Comparison and Benchmarking of AI Models and Frameworks on Mobile Devices

Chunjie Luo,Xiwen He,Jianfeng Zhan,Lei Wang,Wanling Gao,Jiahui Dai
DOI: https://doi.org/10.48550/arXiv.2005.05085
2020-05-07
Abstract:Due to increasing amounts of data and compute resources, deep learning achieves many successes in various domains. The application of deep learning on the mobile and embedded devices is taken more and more attentions, benchmarking and ranking the AI abilities of mobile and embedded devices becomes an urgent problem to be solved. Considering the model diversity and framework diversity, we propose a benchmark suite, AIoTBench, which focuses on the evaluation of the inference abilities of mobile and embedded devices.

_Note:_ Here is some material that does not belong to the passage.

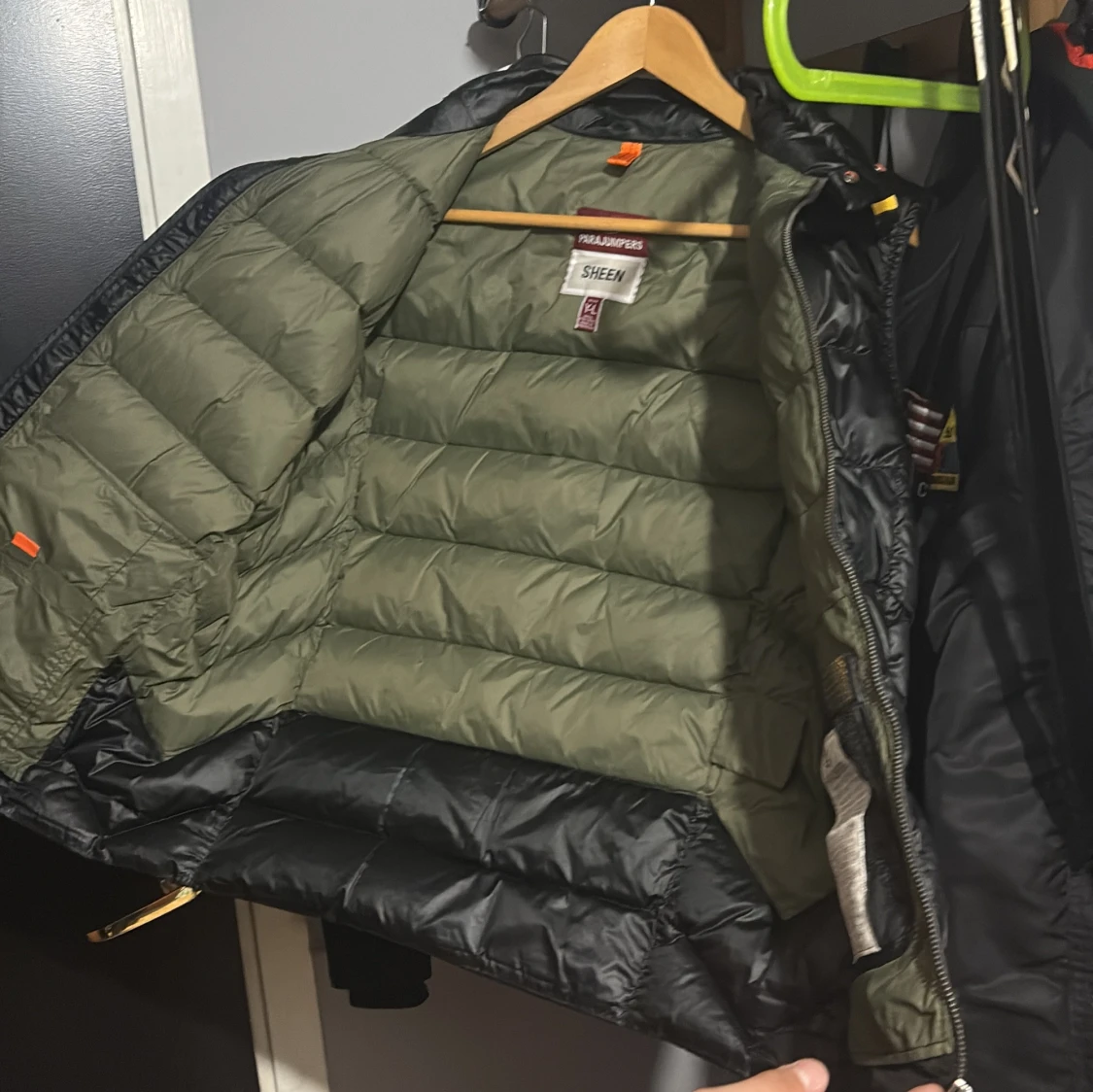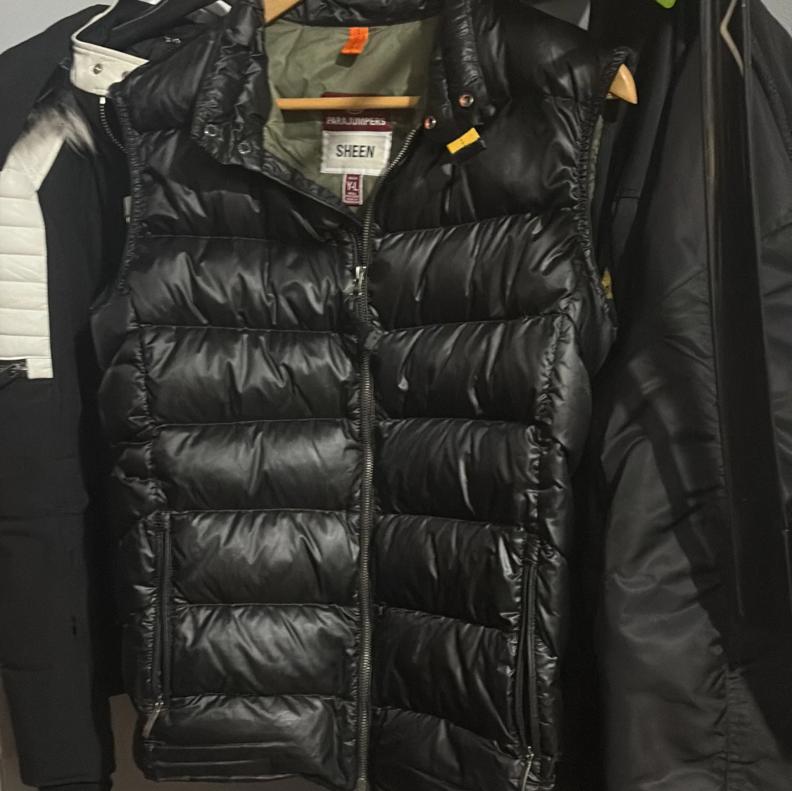 Säljer en svart dunväst från Parajumpers, modell Sheen. Västen har quiltad design, dragkedja framtill och coola detaljer som märkets patch på insidan. Insidan är olivgrön och materialet är glansigt och slitstarkt. Perfekt för lager-på-lager under höst och vinter jacka

AIoTBench covers three typical heavy-weight networks: ResNet50, InceptionV3, DenseNet121, as well as three light-weight networks: SqueezeNet, MobileNetV2, MnasNet. Each network is implemented by three frameworks which are designed for mobile and embedded devices: Tensorflow Lite, Caffe2, Pytorch Mobile. To compare and rank the AI capabilities of the devices, we propose two unified metrics as the AI scores: Valid Images Per Second (VIPS) and Valid FLOPs Per Second (VOPS). Currently, we have compared and ranked 5 mobile devices using our benchmark. This list will be extended and updated soon after.
Machine Learning,Artificial Intelligence,Performance,Image and Video Processing
What problem does this paper attempt to address?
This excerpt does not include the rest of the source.